**SUPPLIED RECORDS**.
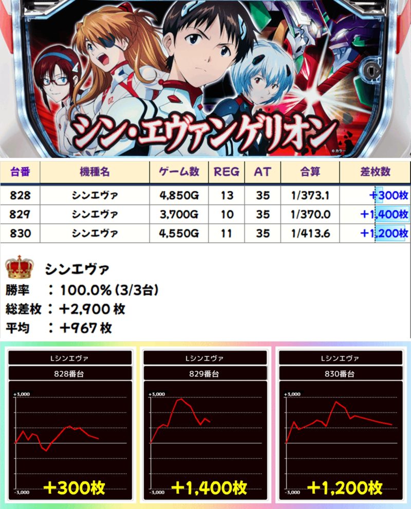 シンエヴァも全台系濃厚。出玉は伸び悩んだ印象がありますが、シンエヴァの3台は全台がプラスとなっておりました。
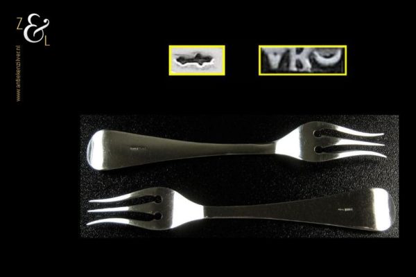 Dit stel belegvorken / stel zuurvorken is gemaakt in Voorschoten door de Firma J.M. van Kempen & Zonen (meesterteken VK liggend maantje in rechthoek) tussen de jaren 1906 en 1924 (gekeurd met het zilverkeur zwaardje). De zilveren Art Nouveau belegvorken / zuurvorken die uitgevoerd zijn met een parelrand wegen 36 gram en zijn 12.8 cm lang.
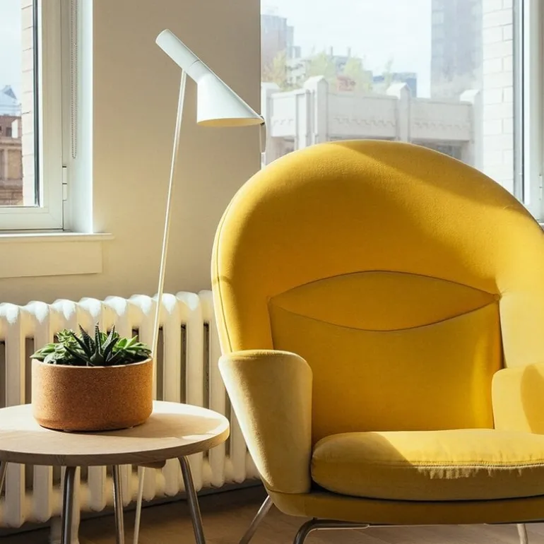 De AJ vloerlamp is in 1957 ontworpen door Arne Jacobsen en wordt nog steeds gezien als het meeste bekende ontwerp van de architect, wereldwijd! De Louis Poulsen AJ staande lamp is beschikbaar in verschillende uitvoeringen en kleuren. Hoogte 130cm
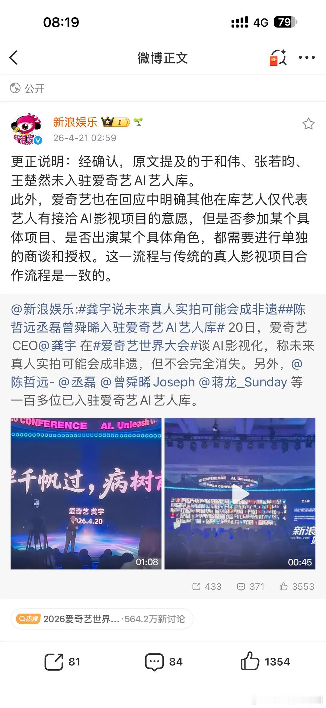 爱奇艺凌晨针对AIGC影视争议发声明:
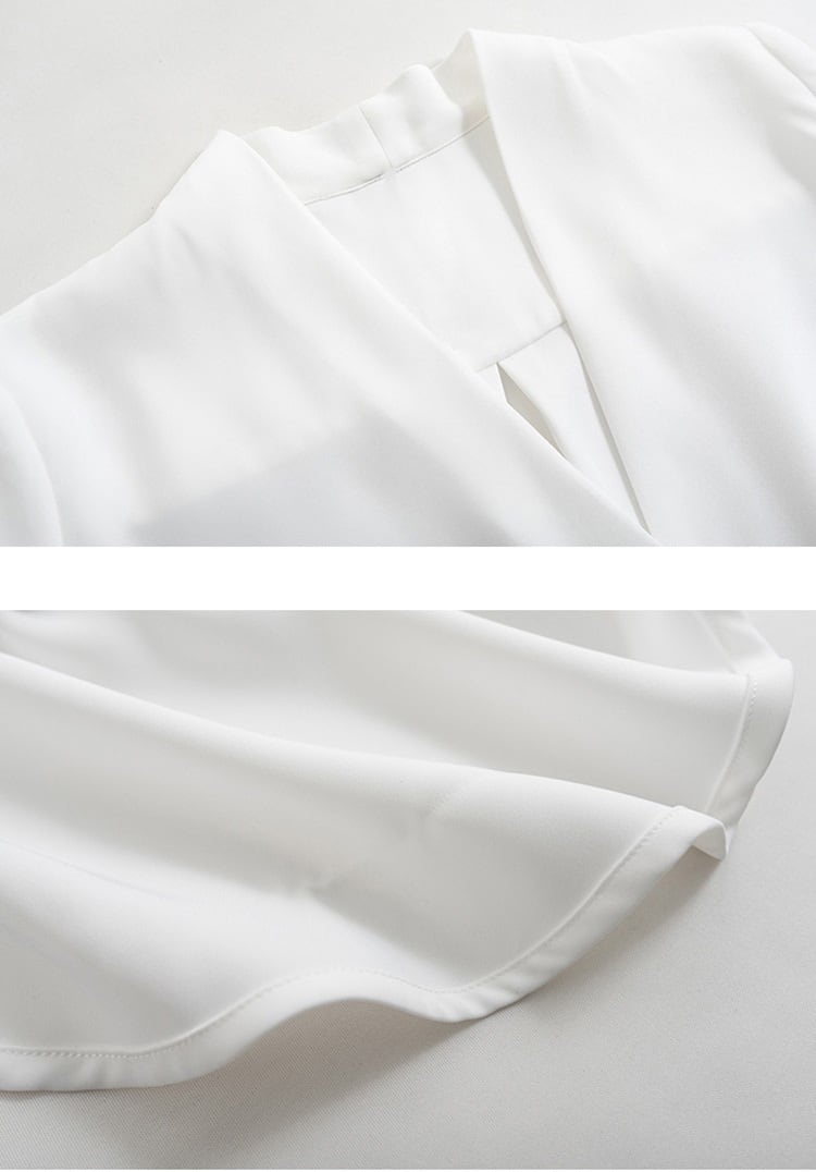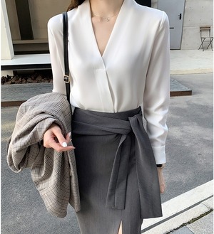 サテンシャツ トップス ブラウス 白シャツ 長袖 Vネック 薄手 無地 ビジネス OL 通勤 デート S M L XL 2 4851
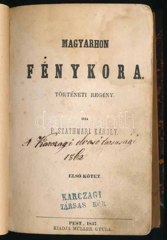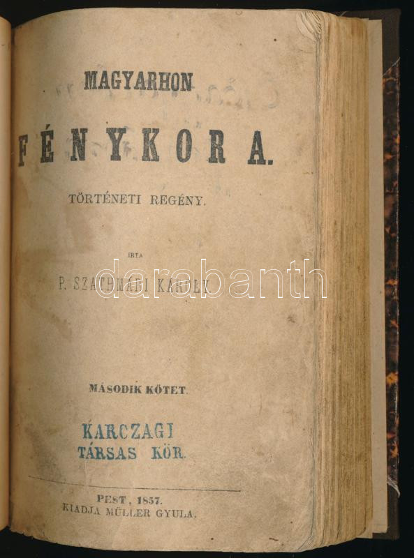 Leírás: [Szathmáry Károly, Péterfalvi (1831-1891)] P. Szathmári Károly: Magyarhon fénykora. Történeti regény. I-II. köt. [Egybekötve]. Pest, 1857, Müller Gyula, 2 sztl. lev.+ 170+(2) p.; 1 sztl. lev.+ 177+(3) p. Első kiadás. Félvászon-kötésben, kissé kopott borítóval, foltos lapokkal, egy lapon lapszéli sérüléssel, tulajdonosi bejegyzéssel és bélyegzővel.
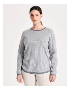 Budget π Regatta Crew Neck Long Sleeve Jumper With Curved Hem Blue Stripe π

**PROBLEM DESCRIPTION**. Each line from the top of the material through the line containing "サテンシャツ トップス ブラウス" should be reproduced exactly; please drop any images.

**RESULT BELOW**.
 シンエヴァも全台系濃厚。出玉は伸び悩んだ印象がありますが、シンエヴァの3台は全台がプラスとなっておりました。
 Dit stel belegvorken / stel zuurvorken is gemaakt in Voorschoten door de Firma J.M. van Kempen & Zonen (meesterteken VK liggend maantje in rechthoek) tussen de jaren 1906 en 1924 (gekeurd met het zilverkeur zwaardje). De zilveren Art Nouveau belegvorken / zuurvorken die uitgevoerd zijn met een parelrand wegen 36 gram en zijn 12.8 cm lang.
 De AJ vloerlamp is in 1957 ontworpen door Arne Jacobsen en wordt nog steeds gezien als het meeste bekende ontwerp van de architect, wereldwijd! De Louis Poulsen AJ staande lamp is beschikbaar in verschillende uitvoeringen en kleuren. Hoogte 130cm
 爱奇艺凌晨针对AIGC影视争议发声明:
 サテンシャツ トップス ブラウス 白シャツ 長袖 Vネック 薄手 無地 ビジネス OL 通勤 デート S M L XL 2 4851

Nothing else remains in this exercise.